▶ _WORK TO COMPLETE_
Reproduce, exactly and only, the lines of the data that follows from the one containing "The war memorial" down to the one containing "Cinci medalii de", without pictures.

▶ _DATA EXTRACT_
***

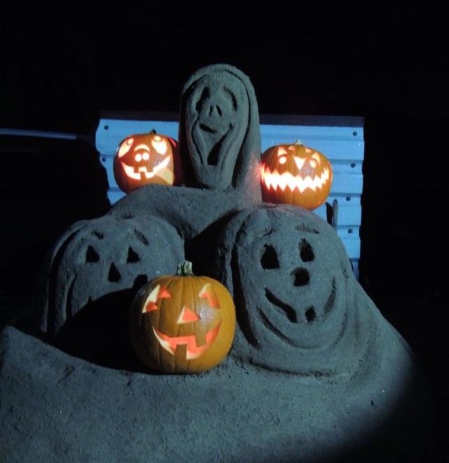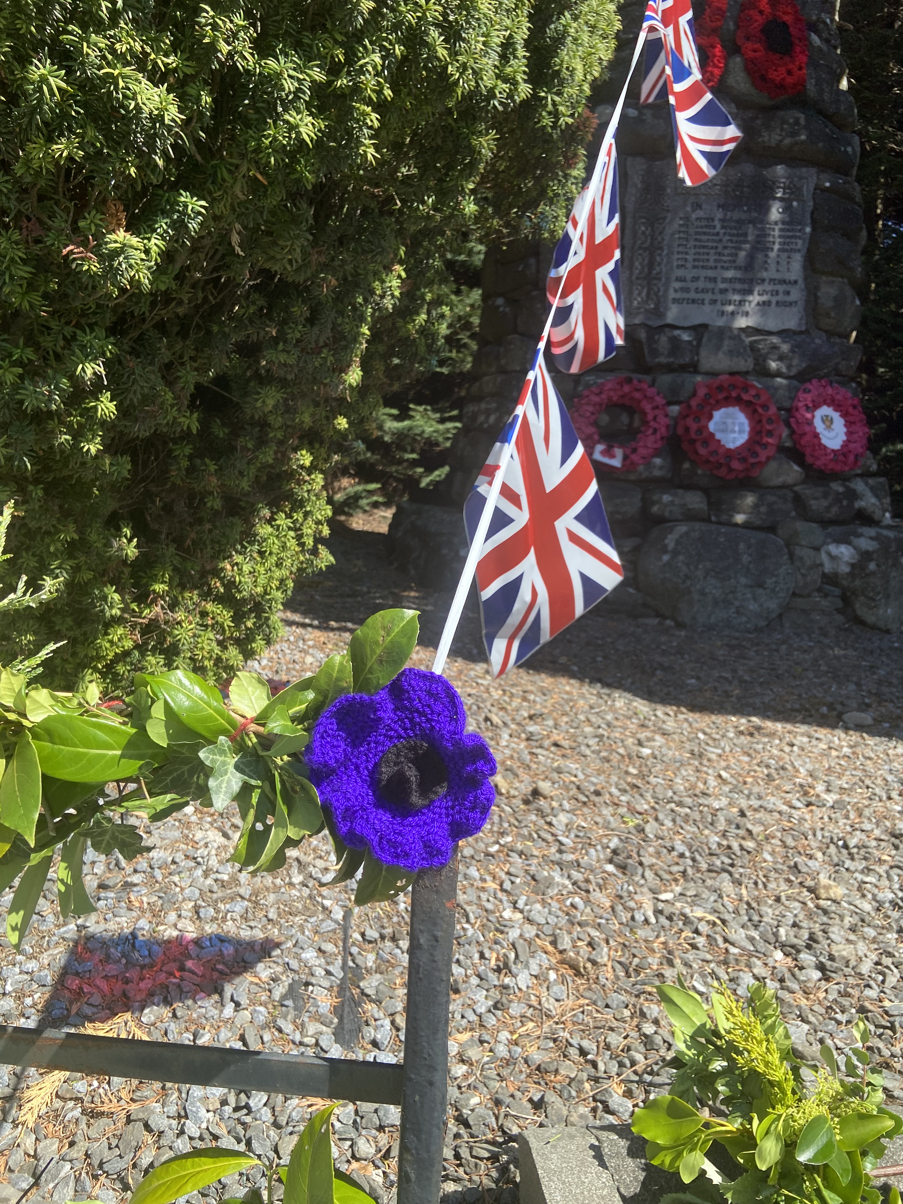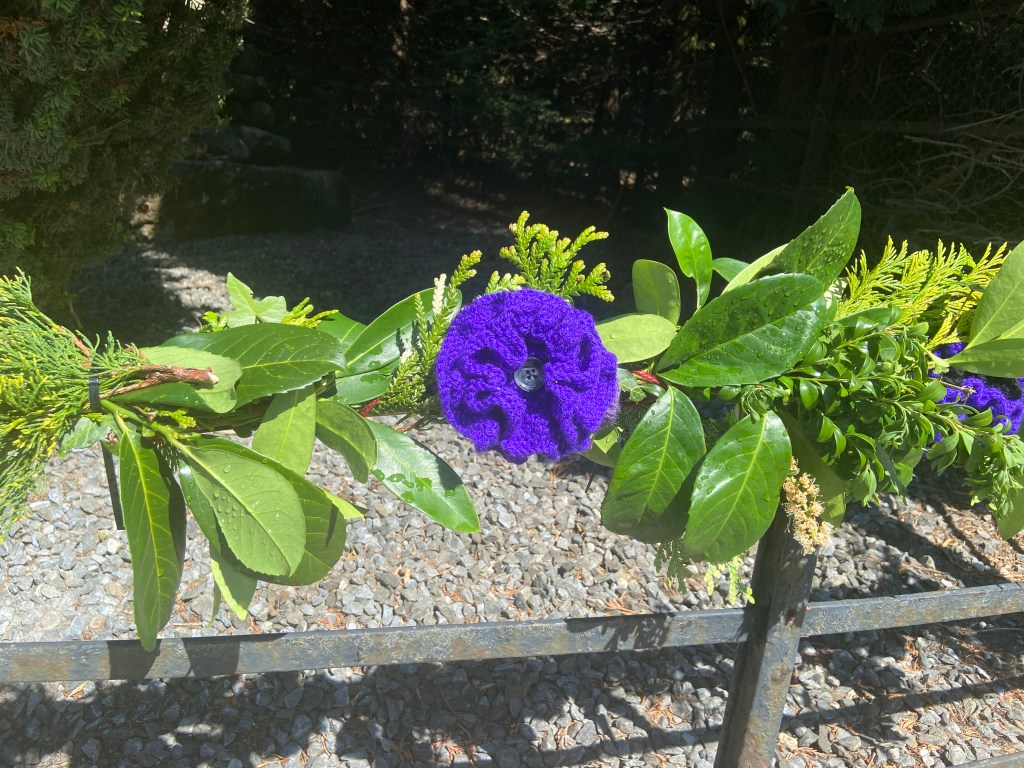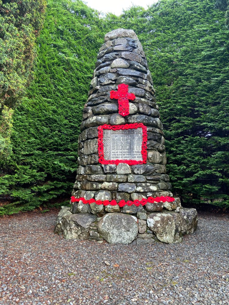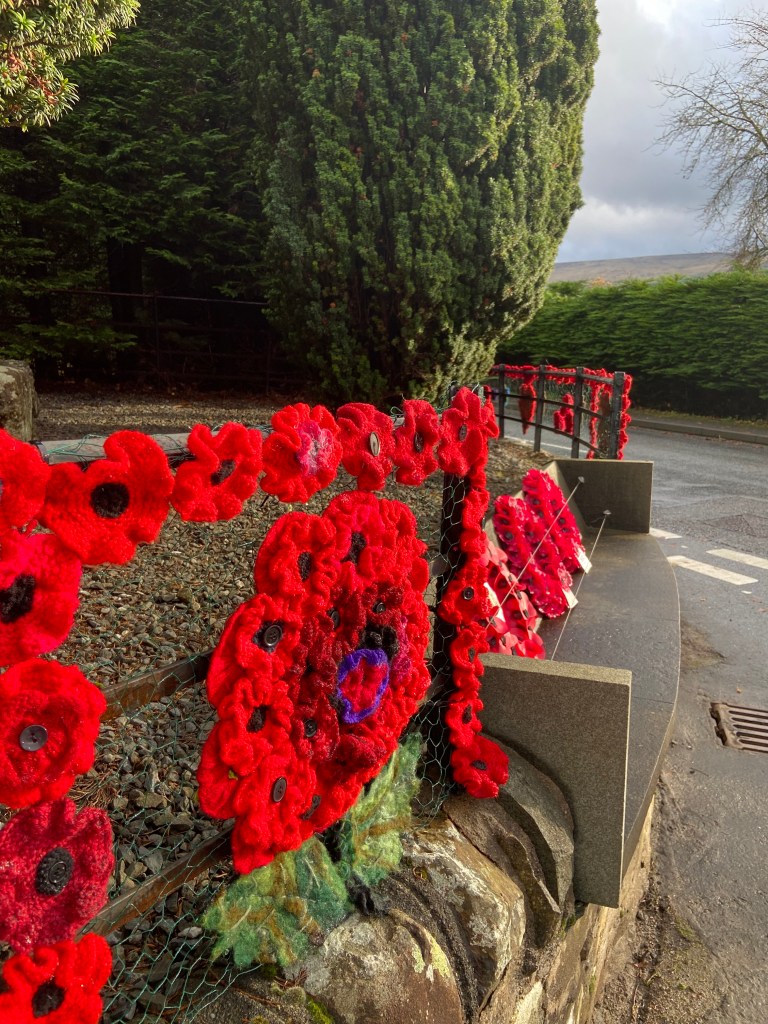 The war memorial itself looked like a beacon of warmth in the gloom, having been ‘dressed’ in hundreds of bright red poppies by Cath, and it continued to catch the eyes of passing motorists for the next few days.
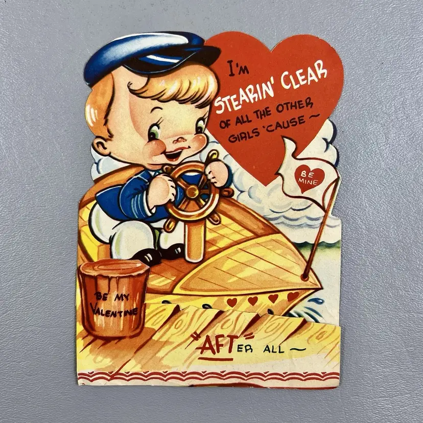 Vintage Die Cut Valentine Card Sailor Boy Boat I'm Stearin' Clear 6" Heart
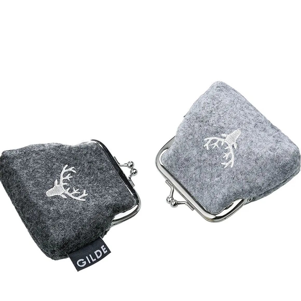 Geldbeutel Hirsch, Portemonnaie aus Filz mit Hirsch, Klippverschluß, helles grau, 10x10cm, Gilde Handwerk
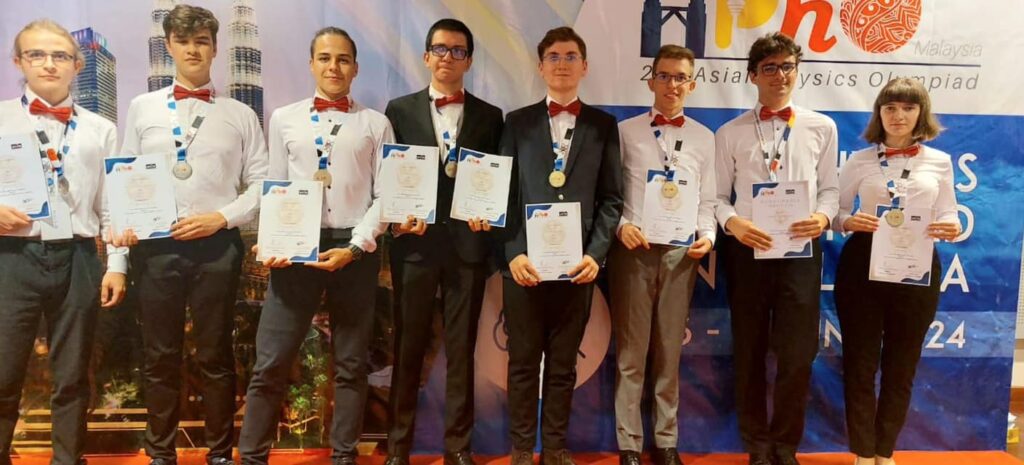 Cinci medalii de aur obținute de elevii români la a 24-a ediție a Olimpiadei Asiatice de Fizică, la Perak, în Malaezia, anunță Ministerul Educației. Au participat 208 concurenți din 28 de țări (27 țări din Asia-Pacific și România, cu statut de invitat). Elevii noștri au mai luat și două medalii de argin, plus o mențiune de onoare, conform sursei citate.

***

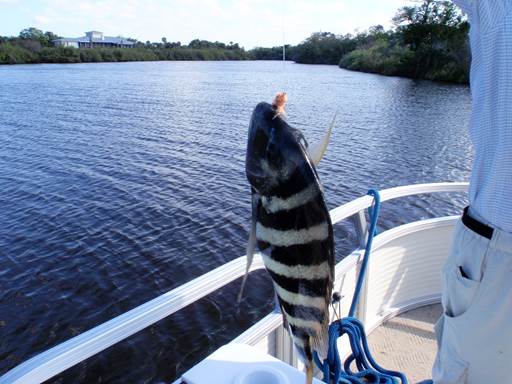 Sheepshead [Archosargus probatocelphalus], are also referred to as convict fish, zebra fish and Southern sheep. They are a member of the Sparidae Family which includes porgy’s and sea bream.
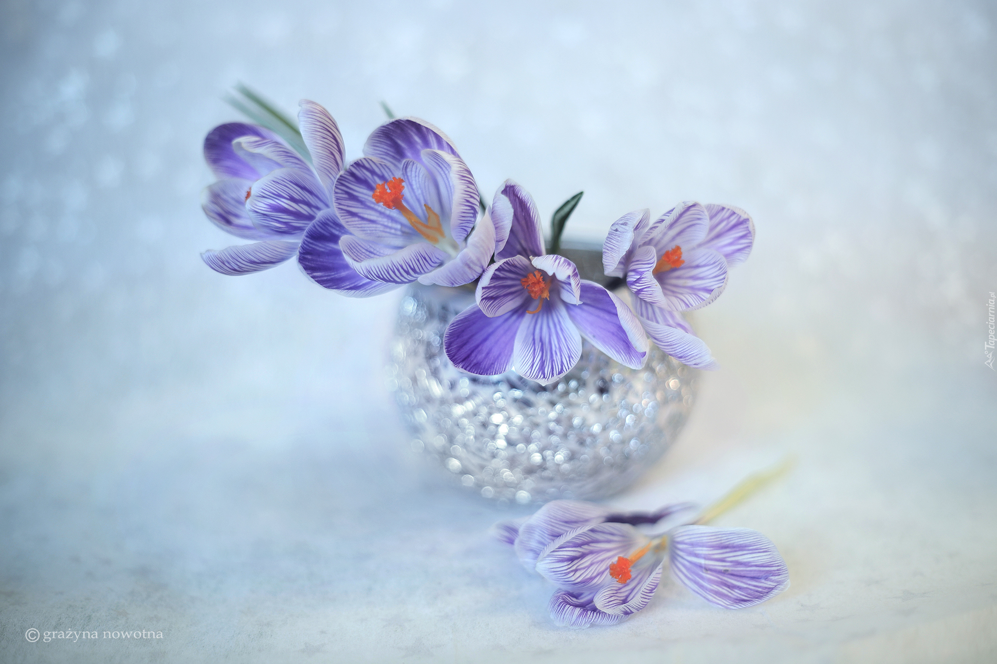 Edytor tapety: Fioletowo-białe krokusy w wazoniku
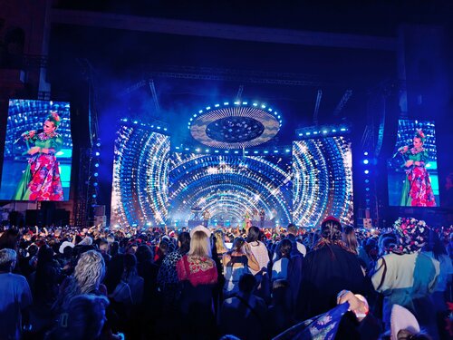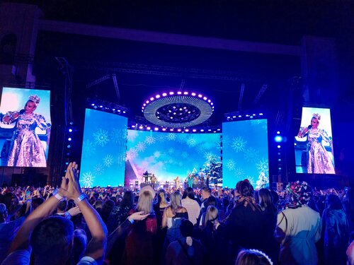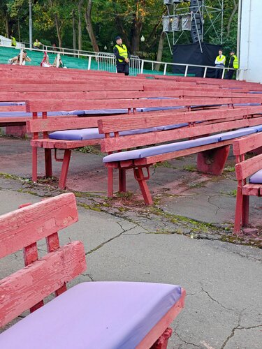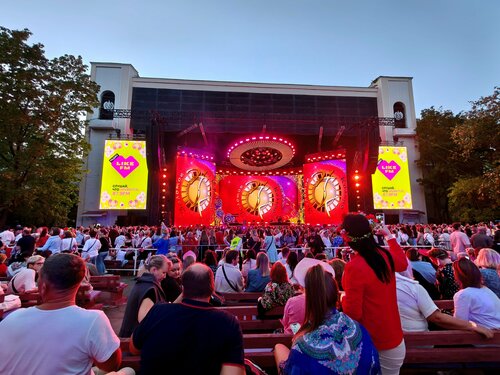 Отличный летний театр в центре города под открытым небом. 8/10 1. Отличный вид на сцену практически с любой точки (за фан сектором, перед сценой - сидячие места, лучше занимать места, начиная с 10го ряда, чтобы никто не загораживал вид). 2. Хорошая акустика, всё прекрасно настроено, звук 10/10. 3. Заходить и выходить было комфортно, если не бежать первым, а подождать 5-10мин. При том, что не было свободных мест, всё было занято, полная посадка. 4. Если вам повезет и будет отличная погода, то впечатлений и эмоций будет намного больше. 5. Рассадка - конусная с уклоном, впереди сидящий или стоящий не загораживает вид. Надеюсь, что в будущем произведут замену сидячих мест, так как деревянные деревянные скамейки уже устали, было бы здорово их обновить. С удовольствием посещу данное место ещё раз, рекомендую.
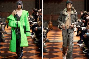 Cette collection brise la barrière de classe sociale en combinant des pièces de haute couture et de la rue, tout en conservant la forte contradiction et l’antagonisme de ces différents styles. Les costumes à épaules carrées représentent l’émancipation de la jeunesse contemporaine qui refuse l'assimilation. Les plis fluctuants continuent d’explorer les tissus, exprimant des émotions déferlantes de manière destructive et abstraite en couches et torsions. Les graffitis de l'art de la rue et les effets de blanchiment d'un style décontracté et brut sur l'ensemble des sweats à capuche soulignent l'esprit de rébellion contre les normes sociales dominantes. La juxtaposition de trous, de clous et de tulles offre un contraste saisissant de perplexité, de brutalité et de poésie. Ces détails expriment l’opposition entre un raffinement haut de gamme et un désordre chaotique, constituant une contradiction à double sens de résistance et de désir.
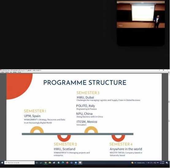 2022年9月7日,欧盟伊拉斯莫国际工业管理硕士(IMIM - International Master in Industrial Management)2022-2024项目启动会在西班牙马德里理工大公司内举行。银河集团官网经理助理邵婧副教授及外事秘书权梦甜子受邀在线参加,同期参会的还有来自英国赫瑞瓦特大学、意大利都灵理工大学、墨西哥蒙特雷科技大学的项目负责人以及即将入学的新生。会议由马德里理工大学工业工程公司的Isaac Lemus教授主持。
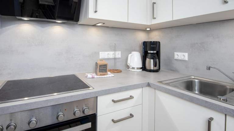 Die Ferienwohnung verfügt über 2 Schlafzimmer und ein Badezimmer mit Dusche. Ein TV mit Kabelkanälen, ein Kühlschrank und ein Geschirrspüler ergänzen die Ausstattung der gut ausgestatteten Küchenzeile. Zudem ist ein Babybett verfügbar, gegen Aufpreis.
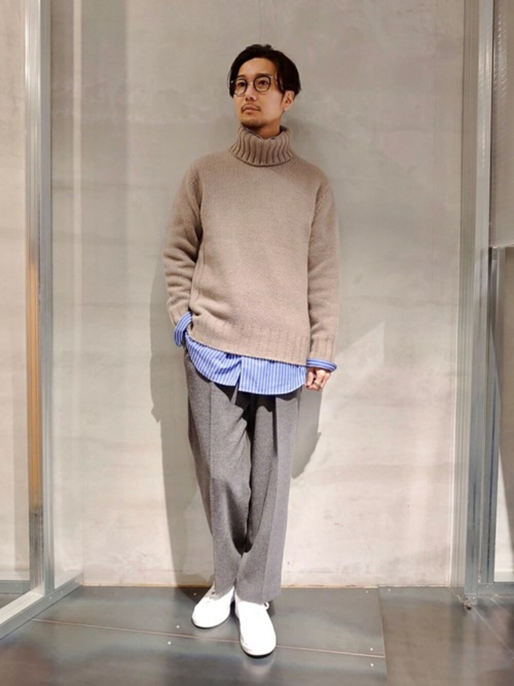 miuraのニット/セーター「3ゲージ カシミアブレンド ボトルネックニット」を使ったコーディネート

***

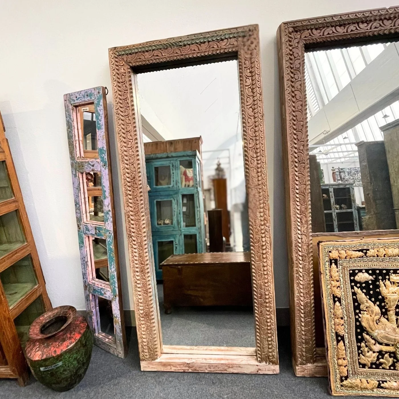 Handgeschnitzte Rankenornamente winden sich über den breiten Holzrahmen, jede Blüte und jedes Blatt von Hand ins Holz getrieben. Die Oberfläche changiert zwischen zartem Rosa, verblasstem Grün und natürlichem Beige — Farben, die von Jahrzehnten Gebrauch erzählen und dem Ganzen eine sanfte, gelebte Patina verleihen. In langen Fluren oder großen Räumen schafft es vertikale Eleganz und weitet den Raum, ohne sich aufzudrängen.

***

▶ _TASK SOLUTION_
 The war memorial itself looked like a beacon of warmth in the gloom, having been ‘dressed’ in hundreds of bright red poppies by Cath, and it continued to catch the eyes of passing motorists for the next few days.
 Vintage Die Cut Valentine Card Sailor Boy Boat I'm Stearin' Clear 6" Heart
 Geldbeutel Hirsch, Portemonnaie aus Filz mit Hirsch, Klippverschluß, helles grau, 10x10cm, Gilde Handwerk
 Cinci medalii de aur obținute de elevii români la a 24-a ediție a Olimpiadei Asiatice de Fizică, la Perak, în Malaezia, anunță Ministerul Educației. Au participat 208 concurenți din 28 de țări (27 țări din Asia-Pacific și România, cu statut de invitat). Elevii noștri au mai luat și două medalii de argin, plus o mențiune de onoare, conform sursei citate.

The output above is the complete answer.